Cale unterbrach nicht, was er gerade tat, nämlich einen Schemel in die Mitte des Zimmers zu rücken, und vielleicht half hier auch seine gebückte Haltung, die Illusion seiner Tarnung zu wahren.
„Ich werde natürlich das Übliche nehmen“, sagte er mit seiner unbeholfenen Stimme, und in dem gleichen gebieterischen Ton, den David immer an den Tag legte. Er machte sich an dem Schemel zu schaffen, als müsste er noch das perfekte Licht dafür finden. „Mademoiselle, ich werde heute Ihr Modell sein, um unsere Lektion zur Perspektive fortzusetzen. Die Krempe und der Winkel meines Huts werden hier ausgezeichnetes Lehrmaterial sein. Genau zu diesem Zweck habe ich ihn mir auch ausgeliehen. Sie werden Kohlestifte und ein paar weiche Bleistifte benötigen. Legen Sie die Ölfarben für heute beiseite, ich sagte Ihnen doch bereits, Sie werden diesen Pinsel heute nicht benötigen. Wie oft habe ich Ihnen schon gesagt, Sie müssen erst mit den Skizzen und Zeichnungen anfangen, bevor Sie auch nur an Gemälde denken können?“
Narcise zwang sich, etwas entspannter zu sein. Er klang genau, wie Monsieur David geklungen hätte. Cale hatte das hier offensichtlich gut vorbereitet – aber was hatte er nur vor? „Ich bitte um Verzeihung, Monsieur. Es ist nur, ich habe neue Farben bestellt und hatte gehofft, sie heute benutzen zu können.“
„Dass Frauen immer so ungeduldig sein müssen, nicht wahr?“, sprach Cale zu niemandem im Besonderen, aber von Belial kam ein leises, zustimmendes Glucksen.

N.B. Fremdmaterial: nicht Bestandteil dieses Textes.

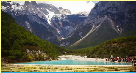
อุทยานไป๋ส่วยเหอ (หุบเขาพระจันทร์สีน้ำเงิน)
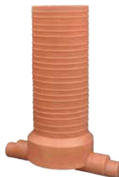
1 IN - 1 OUT
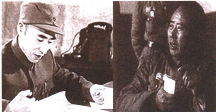
林彪与傅作义展开最后较量
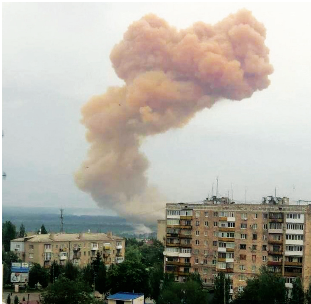
התקפה ארטילרית רוסית על סוורודונצק. ההתקדמות הרוסית האיטית מלמדת על עוצמת הלחימה בין שני הצדדים.

הלחימה בערים אורכת זמן רב מאוד, ודורשת משאבים חומריים ואנושיים גבוהים יותר; שני הצדדים לומדים במהלך הקרבות, אך בשל השחיקה של כוח האדם והמשאבים ושינויים ביעדים האסטרטגיים המדיניים היא מוגבלת בזמן ובמרחב; הלקחים שנלמדו בקרבות ההגנה לא מתאימים דיים לקרבות התקדמות והתקפה. שנתיים למלחמת רוסיה-אוקראינה: על לחימה ששני הצבאות דמיינו, ולא תאמה את המציאות בשטח
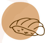
nigiris nigiris braseados com spicy mayo e cebola crocante
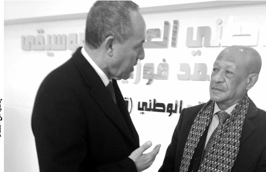
الوزير منى العلاء
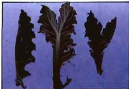
Hojas jóvenes de gerbera que presentan limbo hendido y coloración marrón-verdosa-plateada, (Foto J. Rodríguez).

la comarca, hace pensar que esta plaga pueda adquirir importantes dimensiones cualitativas y cuantitativas; como ocurre en algunas regiones italianas (Nucifora, 1961 y 1980).
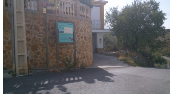
WPT10. Fin de coincidencia con PR-A 274
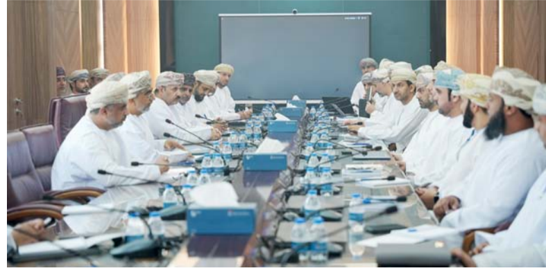
اللقاء يهدف إلى تحقيق التطلعات التي تتوافق مع أهداف التنمية المستدامة
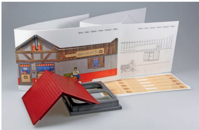
Alle Bauteile des Bäckereibausatzes auf einen Blick. Wer will, kann seine Bäckerei auch umtaufen.

Die bei der Internetsuche gefundenen Grafikelemente fügt man Schritt für Schritt in die selbst gestaltete Vorlage ein. Da darf

„Ich bin gleich wieder da, mit Ihrer Erfrischung, Monsieur“, sagte der Haushofmeister.
Er verließ gerade das Zimmer, als Cale sie anfuhr, „Mademoiselle, bitte. Sie vergeuden meine Zeit.“
Die Tür fiel hinter Belial ins Schloss, und Narcise drehte sich zu Cale. „Was tust du hier?“, fragte sie ihn leise.

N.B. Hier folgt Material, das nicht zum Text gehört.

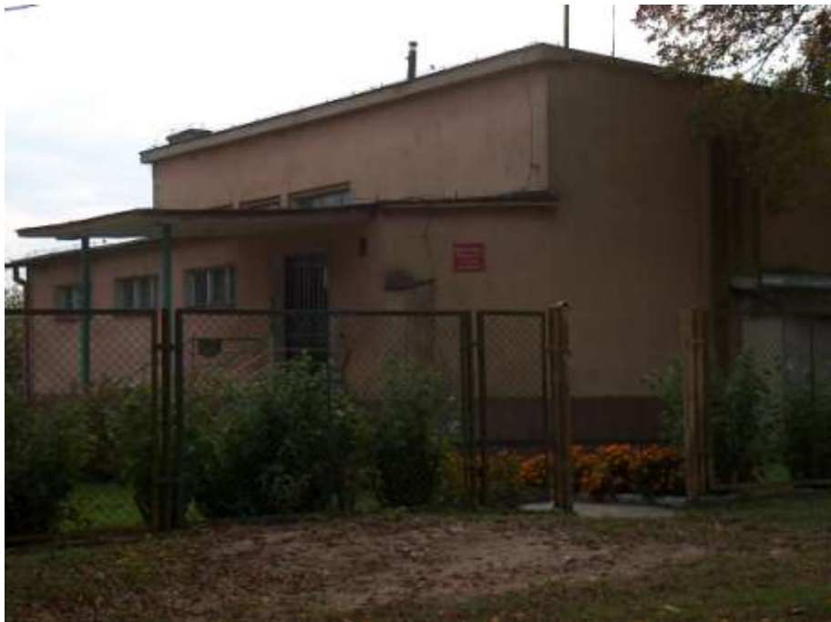
zdjęcie nr 5 *

Mieszkańcy objęci są od wielu lat opieką medyczną z ramienia przychodni zdrowia – dziś Niepublicznego Zakładu Opieki Zdrowotnej ESKULAP. Mieszkańcy Barnimia mogą liczyć w nim na pomoc medyczną lekarzy o różnych specjalnościach. Usługi świadczone są w zakresie lekarza rodzinnego, usług stomatologicznych, pielęgniarstwa, poradni „K” a także wykonywane są w razie potrzeby wizyty domowe.

„Kann man uns hier belauschen oder sehen?“, erwiderte er ebenso leise und sah sich im Zimmer um. Er hatte offensichtlich etwas im Mund, das sein Gesicht entstellte und seine Stimme veränderte, aber jetzt klang er fast schon vertraut.

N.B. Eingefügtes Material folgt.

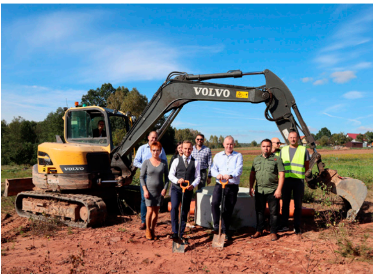
Wbicie topaty pod budowę systemu kanalizacji sanitarnej oraz rozbudowę i przebudowę sieci wodociągowej w Przyjmie

„Nein, aber Belial wird gleich wieder hier sein. Wie ist das hier nur möglich?“ Narcise zitterten die Hände, sie schlotterten ihr geradezu, und sie wusste ihre Reaktion auf all das hier nicht zu deuten. Was bedeutete das? Warum war er hier? Und warum verspürte sie auf einmal eine solche Wärme und eine Heiterkeit in sich?
„Ich habe dir doch gesagt, du kannst mir vertrauen, Narcise“, sagte er, wie er da auf dem Schemel hockte. „Hol deine Zeichenbögen und fang an, oder ich fürchte, Belial wird Verdacht schöpfen. Wenn er wieder fort ist, erzähle ich dir mehr.“
Sie tat wie geheißen und spürte seine Augen auf ihr ruhen, als sie Bögen grob geschöpften Papiers hervorzog, die sich immer noch zusammenrollten, weil man sie so gelagert hatte. Ein Klumpen von schwarzer Kohle und ihre italienischen Bleistifte – zu schmal und zu kurz, um als Holzpflock durchzugehen – kam noch zu den Bögen auf ihrem Zeichentisch hinzu, sowie ein paar Steine, um die Ecken zu beschweren, und dann machte Narcise sich an die Arbeit.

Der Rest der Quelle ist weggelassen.